*** Information shown ***

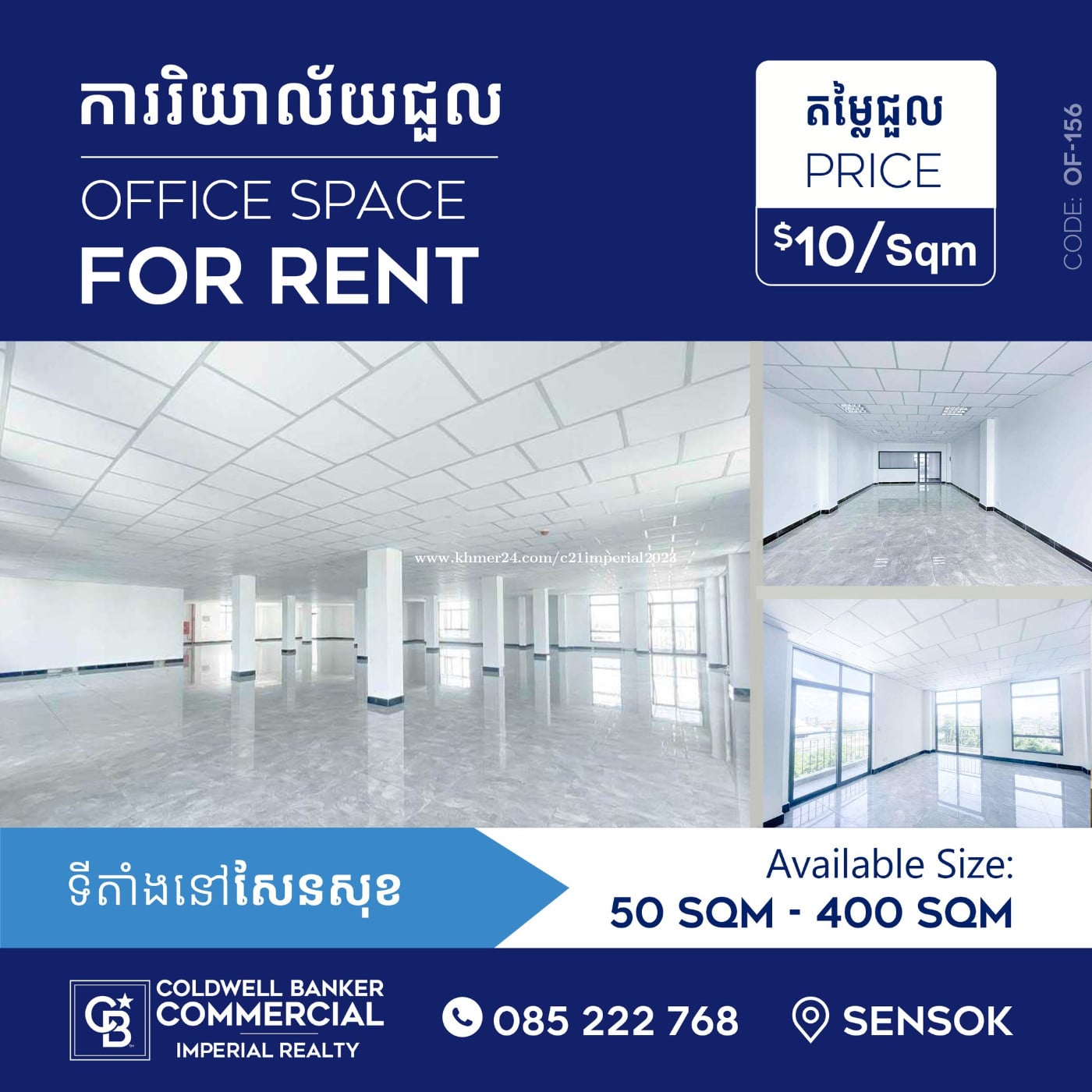 Office for rent at Khan Sensok (OF-156) -Available Size : 50 sqm , 55sqm , 100sqm , 150sqm , 170sqm 200sqm , 250sqm , 300sqm , 400sqm -Price : 10$/sqm -Contract : 1year to 3 years - Deposit : 3 months - Advance : 1 month - Water : free -Management fee : free -Parking : Free Additional Parking Fee 50$/car , 5$/motor -Vat excluded - Good location in central of cit.
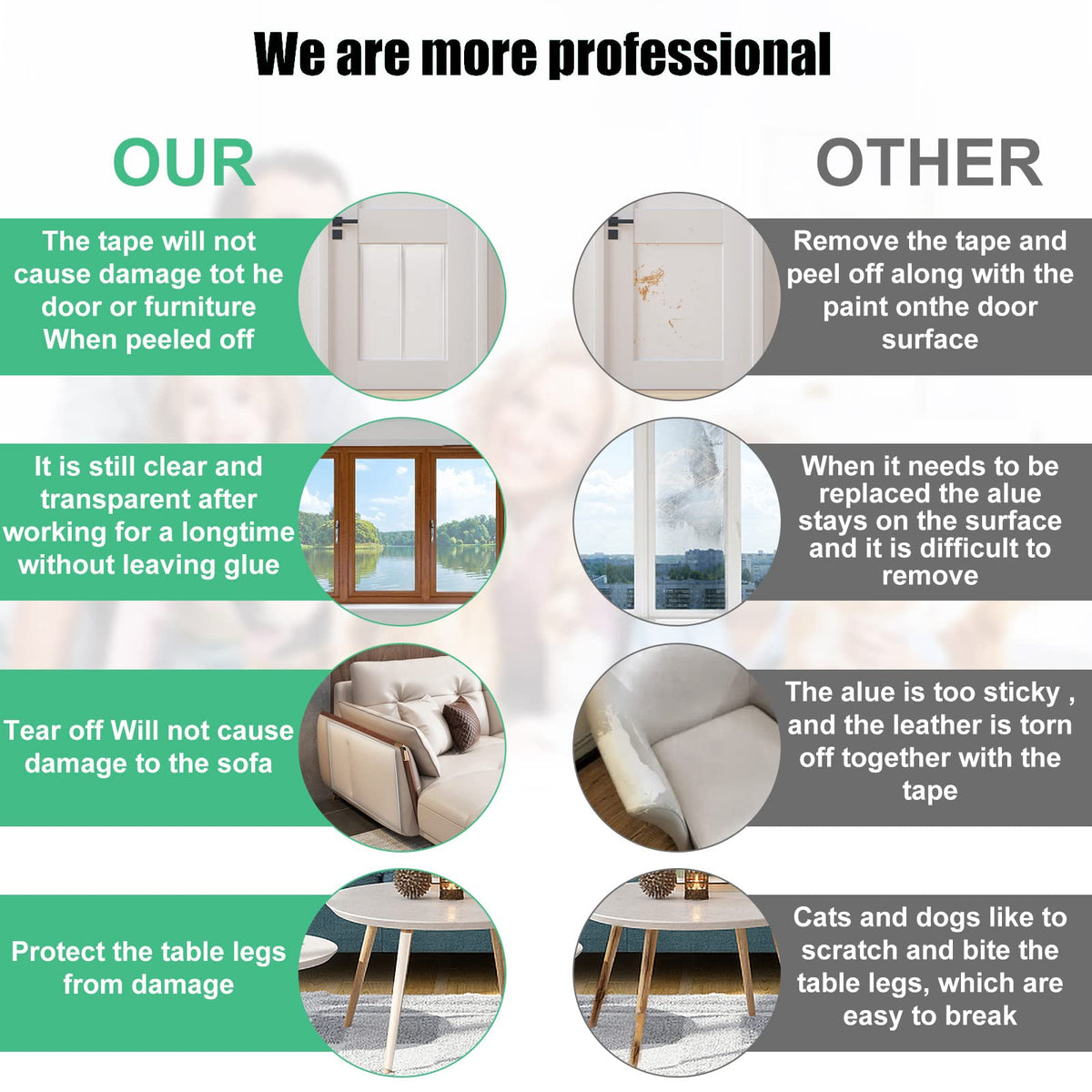furniture, fabric sofas, doors, stairs, carpets, table legs, sofas, chairs, walls, tables, counters, doorways, screened-in porches, etc. It can work anywhere you want to protect.
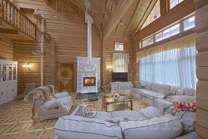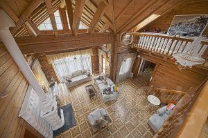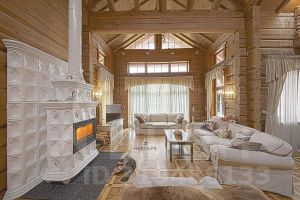 Гостиная 52 кв.м. с камином и вторым светом. Высота потолков 6 метров.
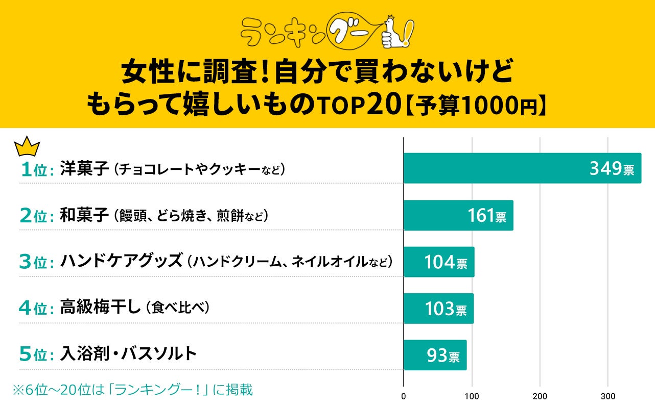 調査方法:株式会社CMサイトがインターネットリサーチした<女性に調査!自分で買わないけどもらって嬉しいものTOP20【予算1000円】>のアンケート結果を集計。

*** End of Information shown ***

» Work to be completed
Without the pictures, repeat the listing exactly as it reads.

» Answer for this exercise
 Office for rent at Khan Sensok (OF-156) -Available Size : 50 sqm , 55sqm , 100sqm , 150sqm , 170sqm 200sqm , 250sqm , 300sqm , 400sqm -Price : 10$/sqm -Contract : 1year to 3 years - Deposit : 3 months - Advance : 1 month - Water : free -Management fee : free -Parking : Free Additional Parking Fee 50$/car , 5$/motor -Vat excluded - Good location in central of cit.
furniture, fabric sofas, doors, stairs, carpets, table legs, sofas, chairs, walls, tables, counters, doorways, screened-in porches, etc. It can work anywhere you want to protect.
 Гостиная 52 кв.м. с камином и вторым светом. Высота потолков 6 метров.
 調査方法:株式会社CMサイトがインターネットリサーチした<女性に調査!自分で買わないけどもらって嬉しいものTOP20【予算1000円】>のアンケート結果を集計。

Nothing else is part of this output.